▶ _TASK BRIEF_
Exact copy, no pictures: every line from the one that contains "ĐB | Ngày | Giải ĐB |" through the end of the data below, and nothing else.

▶ _SOURCE DATA_
++++++++++

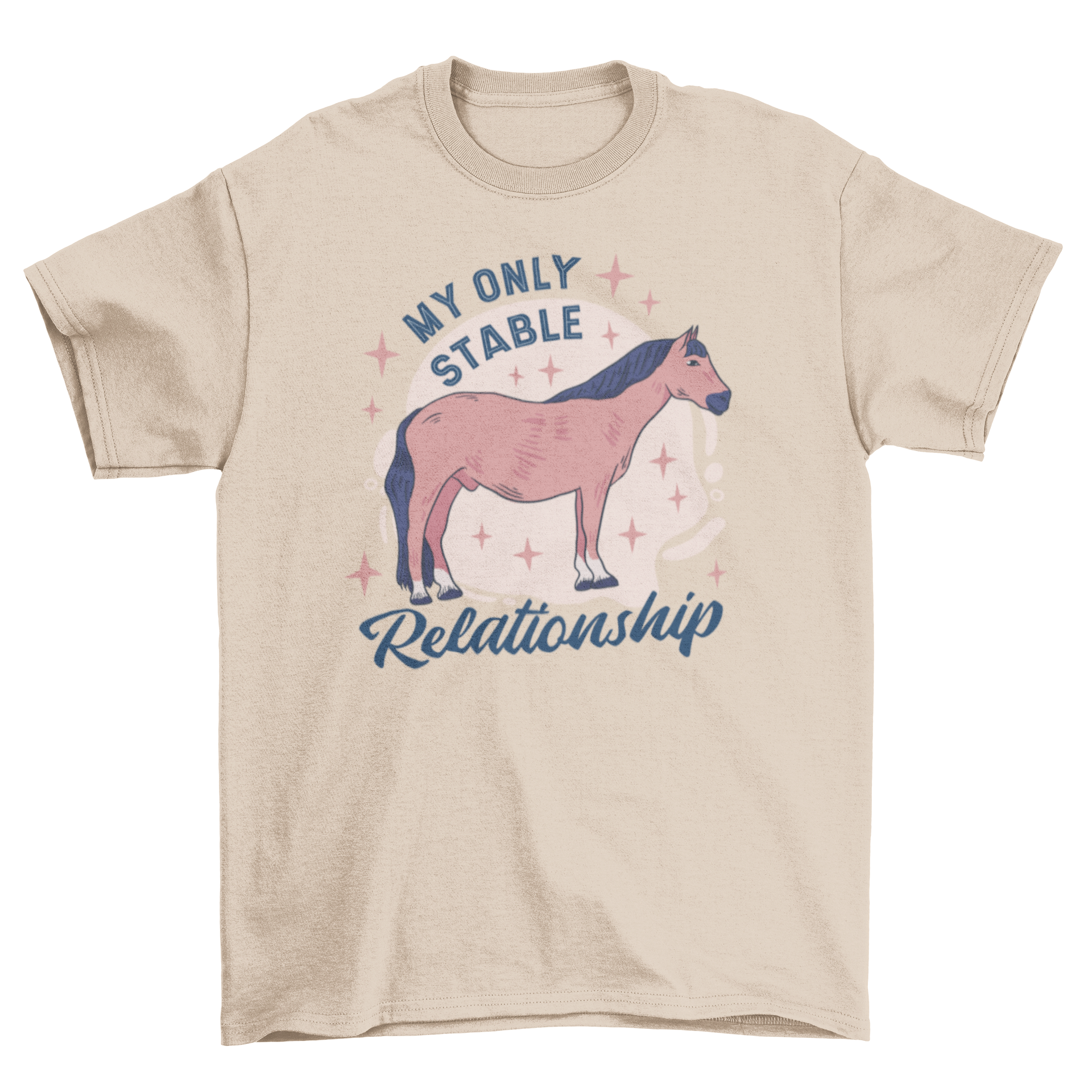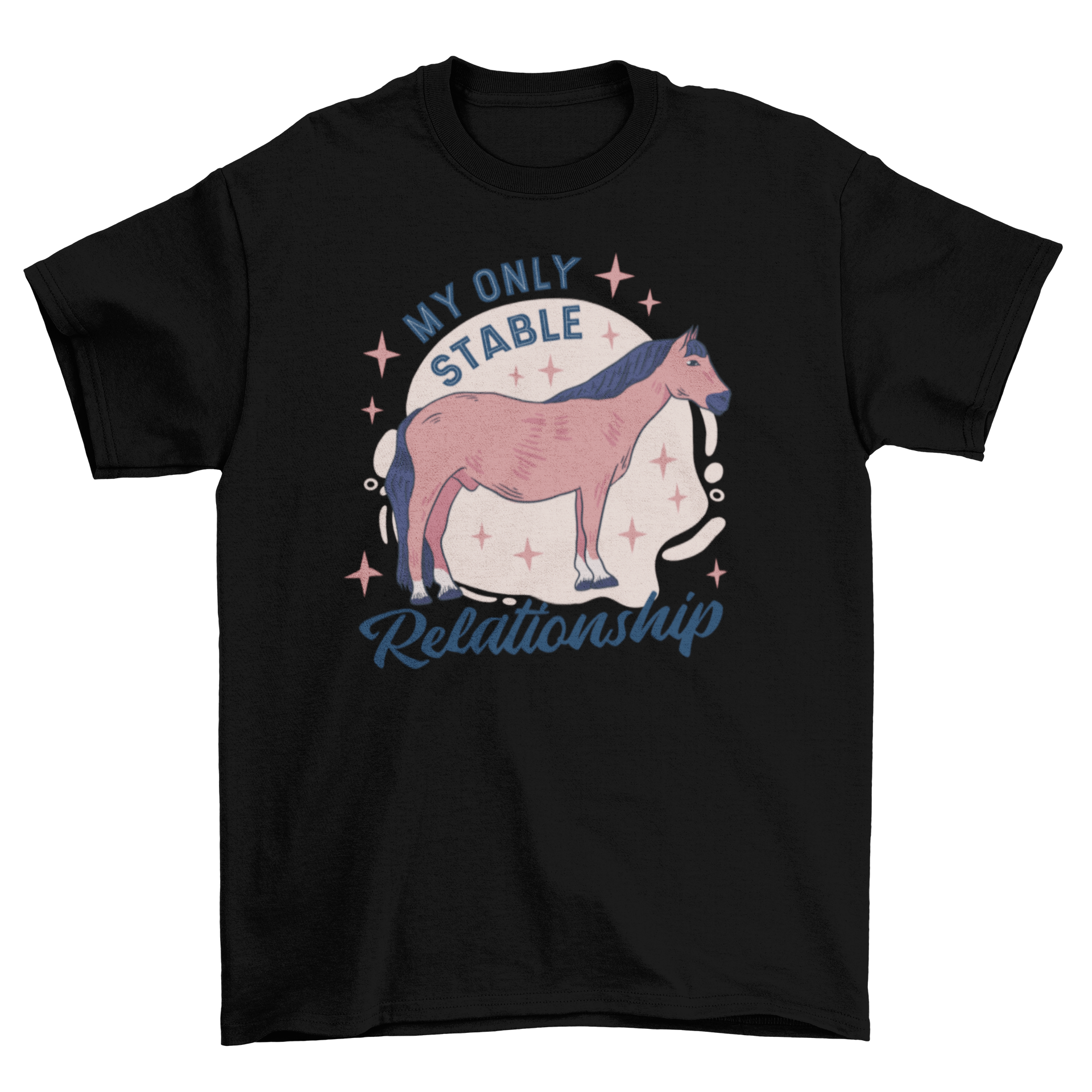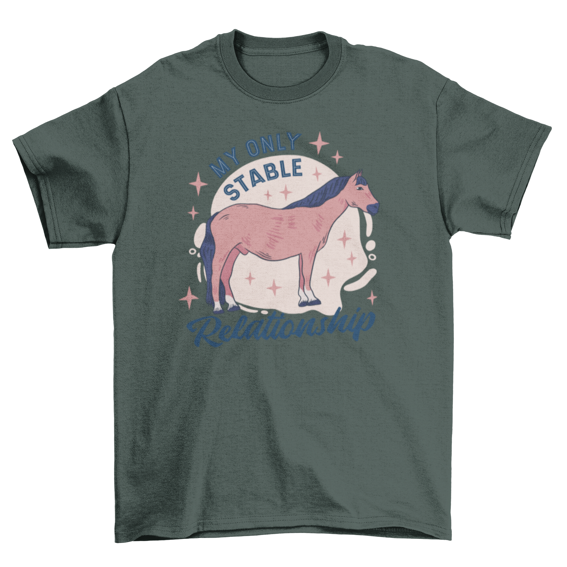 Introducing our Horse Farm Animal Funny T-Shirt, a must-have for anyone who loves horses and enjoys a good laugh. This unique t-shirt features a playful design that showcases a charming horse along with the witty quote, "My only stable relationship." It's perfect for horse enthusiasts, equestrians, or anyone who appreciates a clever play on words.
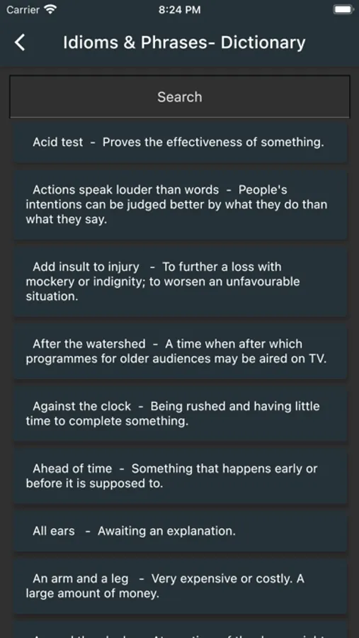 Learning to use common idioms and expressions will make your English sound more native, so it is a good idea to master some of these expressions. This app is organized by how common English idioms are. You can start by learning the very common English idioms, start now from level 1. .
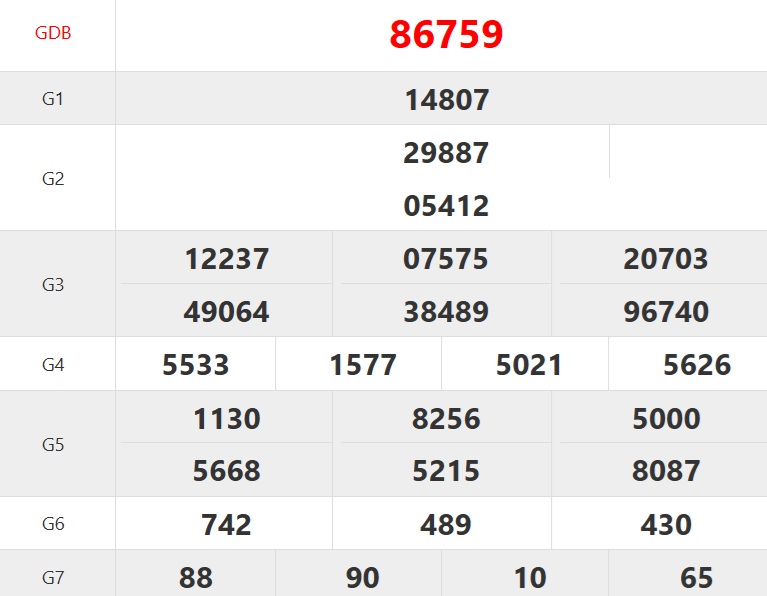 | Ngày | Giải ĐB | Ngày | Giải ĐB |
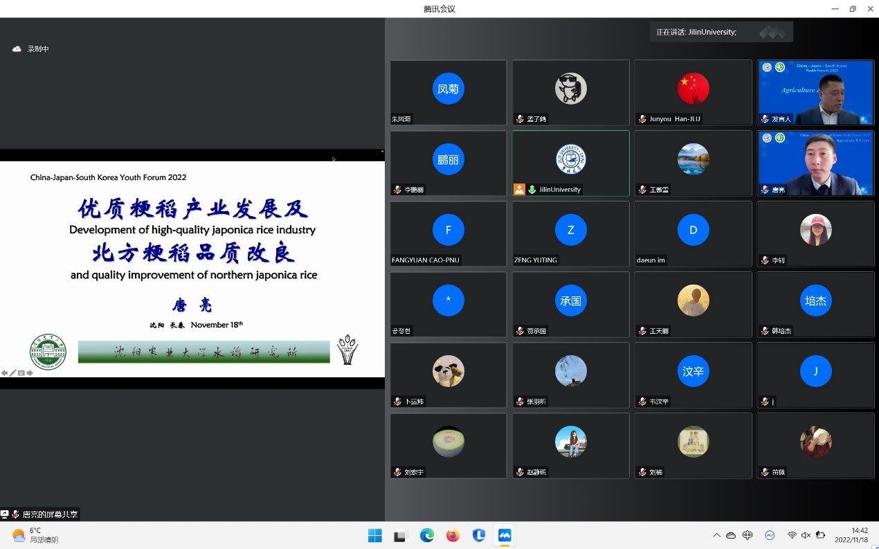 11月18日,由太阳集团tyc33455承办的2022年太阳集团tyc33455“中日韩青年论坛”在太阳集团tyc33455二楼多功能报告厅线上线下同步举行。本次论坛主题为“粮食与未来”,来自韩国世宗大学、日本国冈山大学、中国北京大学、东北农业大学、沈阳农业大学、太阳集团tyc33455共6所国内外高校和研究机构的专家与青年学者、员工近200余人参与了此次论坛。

++++++++++

▶ _OUTPUT FOR THIS TASK_
 | Ngày | Giải ĐB | Ngày | Giải ĐB |
 11月18日,由太阳集团tyc33455承办的2022年太阳集团tyc33455“中日韩青年论坛”在太阳集团tyc33455二楼多功能报告厅线上线下同步举行。本次论坛主题为“粮食与未来”,来自韩国世宗大学、日本国冈山大学、中国北京大学、东北农业大学、沈阳农业大学、太阳集团tyc33455共6所国内外高校和研究机构的专家与青年学者、员工近200余人参与了此次论坛。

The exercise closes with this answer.